In the entries below, begin at the line that has "三福打底衫女2025新款秋季简约纯色收腰V领修身休闲长袖上衣女装" and stop after the line that has "Markiza s pregibnimi"; output those lines exactly, leaving out pictures.

**Data provided:**
━━━━━━

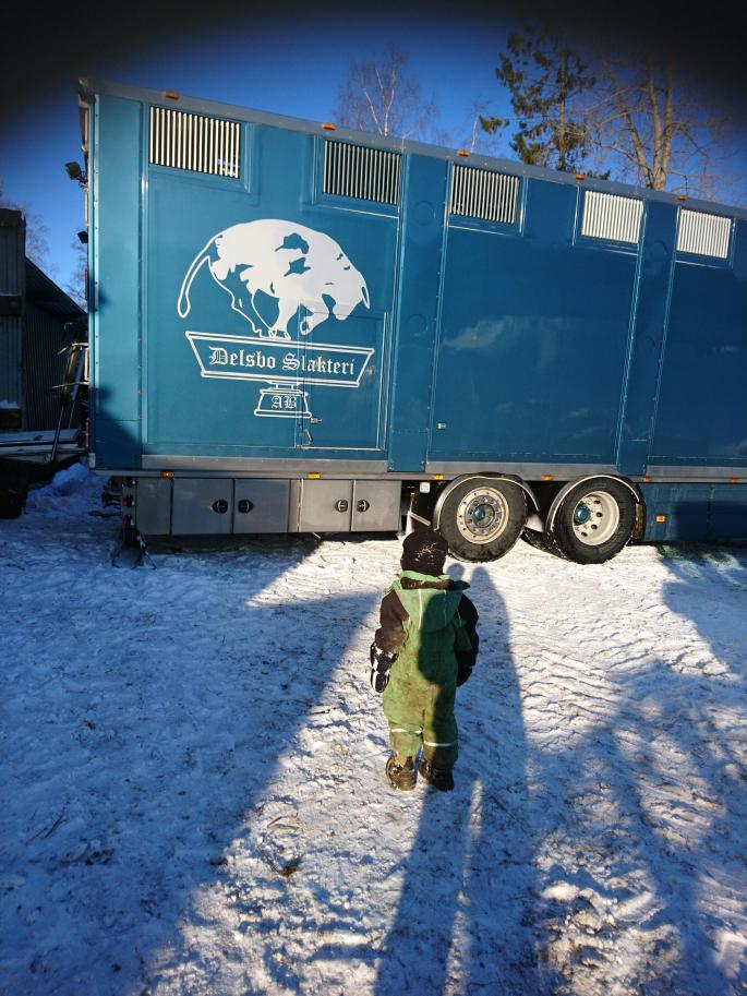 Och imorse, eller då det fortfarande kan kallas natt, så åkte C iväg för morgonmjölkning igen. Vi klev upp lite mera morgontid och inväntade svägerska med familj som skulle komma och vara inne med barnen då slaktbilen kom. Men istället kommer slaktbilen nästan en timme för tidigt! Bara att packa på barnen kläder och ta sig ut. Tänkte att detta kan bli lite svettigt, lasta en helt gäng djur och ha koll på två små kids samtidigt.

━━━━━━

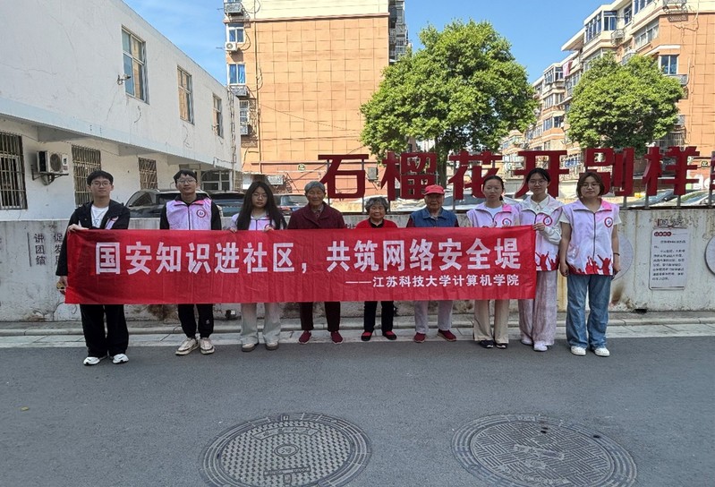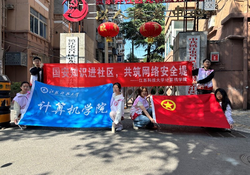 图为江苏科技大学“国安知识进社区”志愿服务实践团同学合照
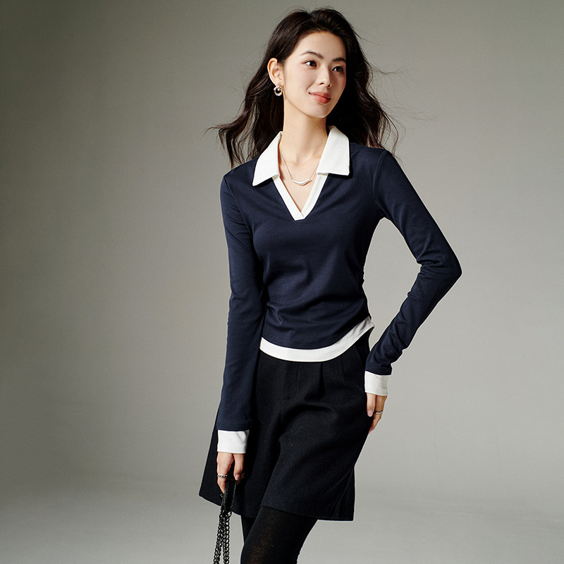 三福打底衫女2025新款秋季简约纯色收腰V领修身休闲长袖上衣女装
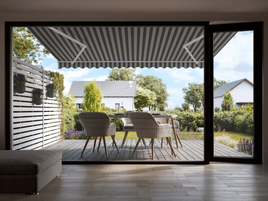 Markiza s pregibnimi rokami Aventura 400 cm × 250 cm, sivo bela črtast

━━━━━━

**Expected answer:**
 三福打底衫女2025新款秋季简约纯色收腰V领修身休闲长袖上衣女装
 Markiza s pregibnimi rokami Aventura 400 cm × 250 cm, sivo bela črtast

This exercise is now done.